- _TASK INSTRUCTIONS_:
What is needed is an exact copy of the lines from the one containing "Sanct Bernhard 聖伯納德德國百年草本" through the last line of the records below, with no pictures.

- _SOURCE INFORMATION_:
::::::::

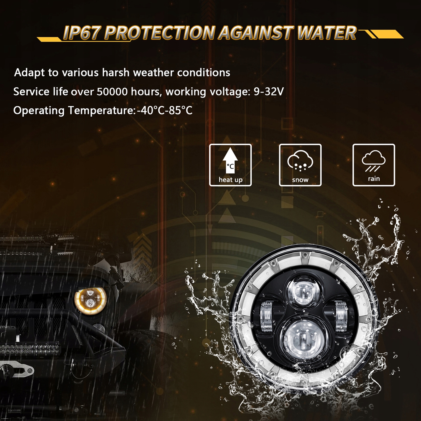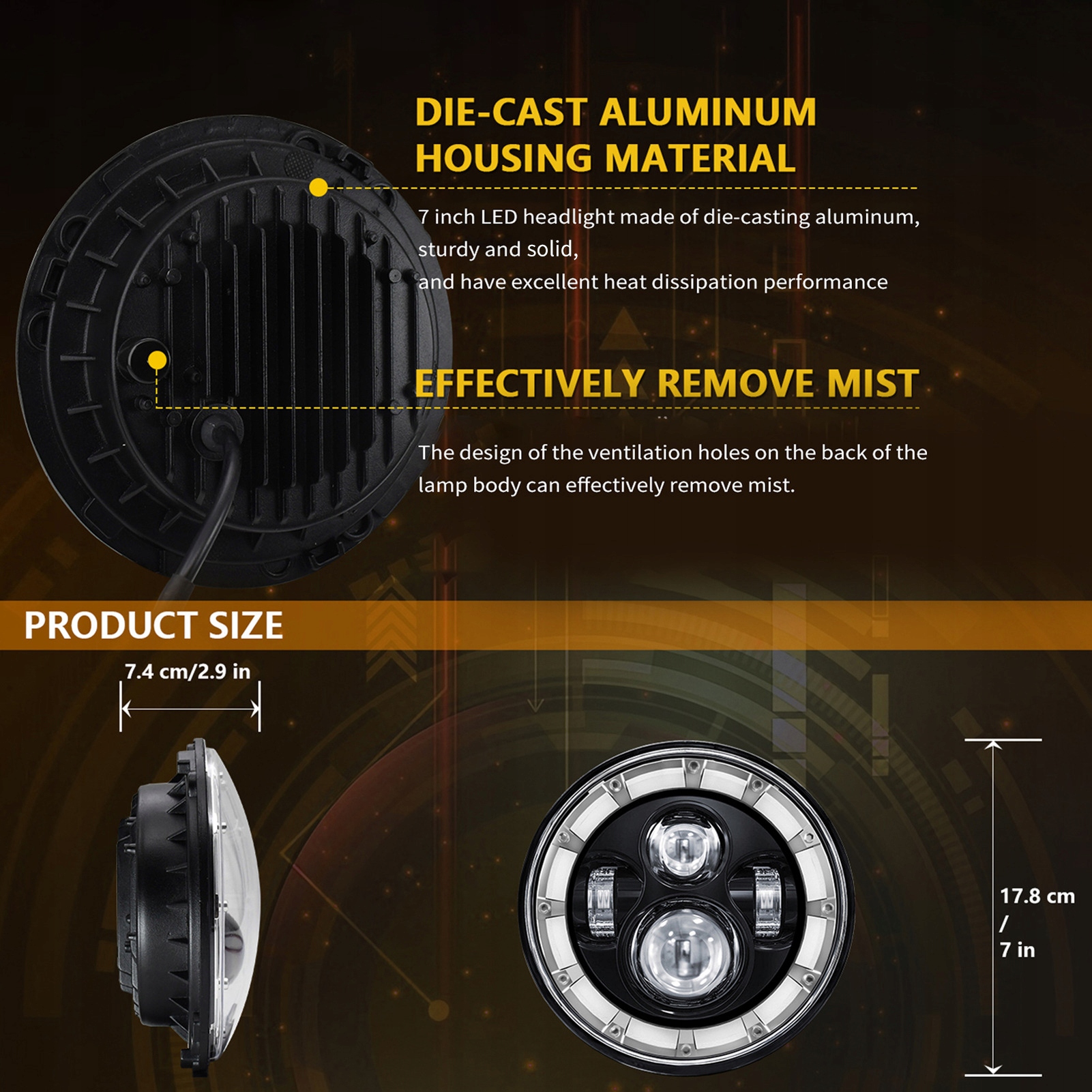 2. Повышенная яркость и универсальность. Эта 7-дюймовая круглая светодиодная фара обеспечивает более яркое освещение по сравнению со стандартными галогенными лампами и предлагает 4 режима освещения: белый дальний свет, ближний свет, дневной ходовой свет и желтый указатель поворота. Подходит для более безопасного вождения в условиях плохой видимости, таких как ночь, туман или дождь.
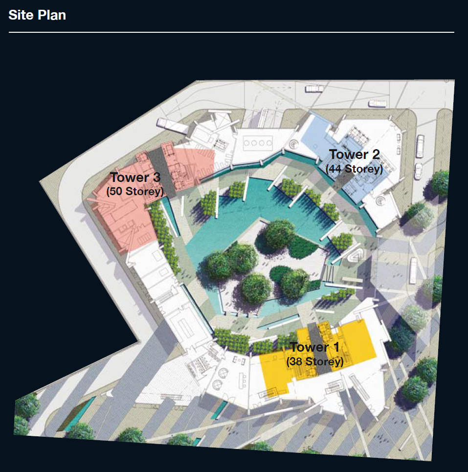 3 blocks has 38 storeys, 44 storeys and 55 storeys, respectively
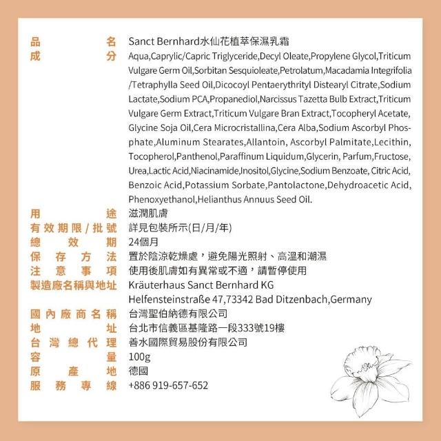 Sanct Bernhard 聖伯納德德國百年草本 水仙花植萃保濕乳霜X3入(100ml/入 撫平細紋)
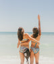 Get ready to make a splash with our Paris Bottom in the fun and playful Just Keep Swimming print. Designed in collaboration with Lulu Gribbin, this classic hipster bottom not only offers a stylish look, but also reverses to a vibrant splash blue for added versatility. Time to dive in!
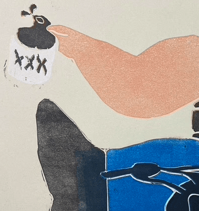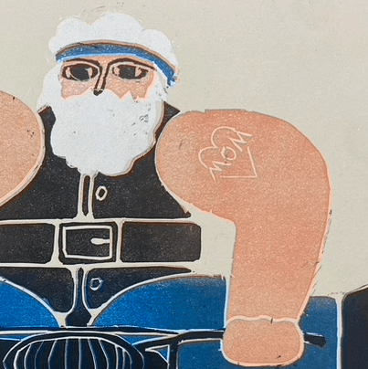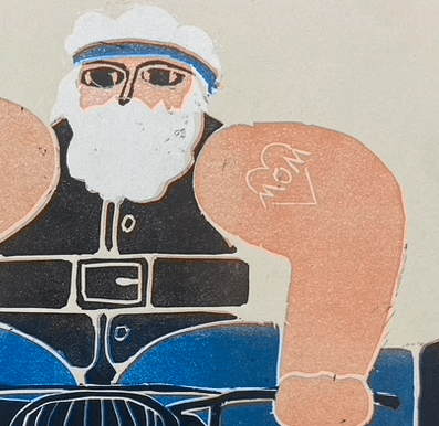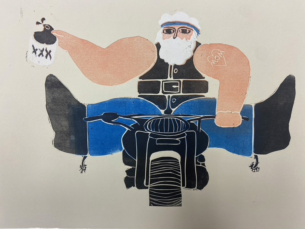 "Free Bird" is a linocut print. In this process the first layer of the design is carved out of linoleum. Color is then applied like a stamp and printed through a press. The following layers are then carved out sequentially into the linoleum to create the final image. This process cannot be reprinted after the following layer is carved. When finished you are left with the final layer carved out and ready to be disposed of. The design was based on an old Portuguese stamp depicting Santa Clause.

::::::::

- _ANSWER SPACE_:
 Sanct Bernhard 聖伯納德德國百年草本 水仙花植萃保濕乳霜X3入(100ml/入 撫平細紋)
 Get ready to make a splash with our Paris Bottom in the fun and playful Just Keep Swimming print. Designed in collaboration with Lulu Gribbin, this classic hipster bottom not only offers a stylish look, but also reverses to a vibrant splash blue for added versatility. Time to dive in!
 "Free Bird" is a linocut print. In this process the first layer of the design is carved out of linoleum. Color is then applied like a stamp and printed through a press. The following layers are then carved out sequentially into the linoleum to create the final image. This process cannot be reprinted after the following layer is carved. When finished you are left with the final layer carved out and ready to be disposed of. The design was based on an old Portuguese stamp depicting Santa Clause.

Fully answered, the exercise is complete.